Q-Learning-Based Time-Critical Data Aggregation Scheduling in IoT
Van-Vi Vo, Tien-Dung Nguyen, Duc-Tai Le, Hyunseung Choo
TL;DR
The paper tackles latency-critical data aggregation in IoT by unifying aggregation-tree construction and scheduling into a single Q-learning framework. It models the problem as an MDP with hashed states to scale to larger networks and uses a greedy, collision-free batch mechanism guided by a reward $r=|T|^2$ to maximize throughput per time slot. Empirical results on static networks with up to 300 nodes show latency reductions up to $10.87\%$ compared to a state-of-the-art heuristic, with notable gains in asymmetric topologies.
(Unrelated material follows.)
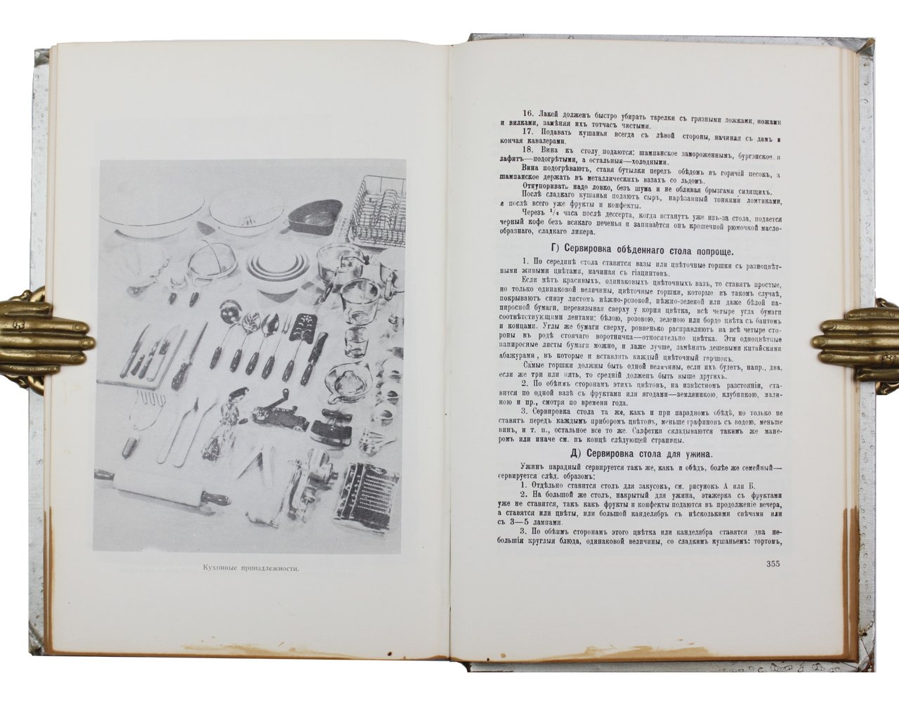 В тканевом переплете, покрытом серебряной краской, с золотистым курсивом и орнаментом, продублированными с сохраненной внутри обложки. Вышло без титульного листа. Пятна на полях страниц, преимущественно на нижнем, потертости переплета, редкие карандашные пометы, в остальном очень хорошая сохранность. Экземпляр содержит владельческие кулинарные газетные вырезки, наклеенные на форзац, а также вложенные в книгу.
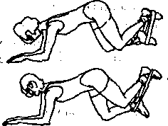 Варианты: Стоя, руки на поясе, отведение прямой ноги назад с сопротивлением. Стоя на локтях и коленях, равномерно распределив массу тела. Поднимите вверх согнутую в колене ногу, пока задняя линия бедра не встанет параллельно полу, подошва смотрит точно вверх. Нажимая на пятку, выпрямите поднятую вверх ногу, согните ногу в колене, вернитесь в исходное положение. То же другой ногой. |

This approach offers a scalable, low-latency path for time-sensitive IoT data aggregation, while future work aims to extend to dynamic topologies and energy-aware objectives.
Abstract
Time-critical data aggregation in Internet of Things (IoT) networks demands efficient, collision-free scheduling to minimize latency for applications like smart cities and industrial automation. Traditional heuristic methods, with two-phase tree construction and scheduling, often suffer from high computational overhead and suboptimal delays due to their static nature. To address this, we propose a novel Q-learning framework that unifies aggregation tree construction and scheduling, modeling the process as a Markov Decision Process (MDP) with hashed states for scalability. By leveraging a reward function that promotes large, interference-free batch transmissions, our approach dynamically learns optimal scheduling policies. Simulations on static networks with up to 300 nodes demonstrate up to 10.87% lower latency compared to a state-of-the-art heuristic algorithm, highlighting its robustness for delay-sensitive IoT applications. This framework enables timely insights in IoT environments, paving the way for scalable, low-latency data aggregation.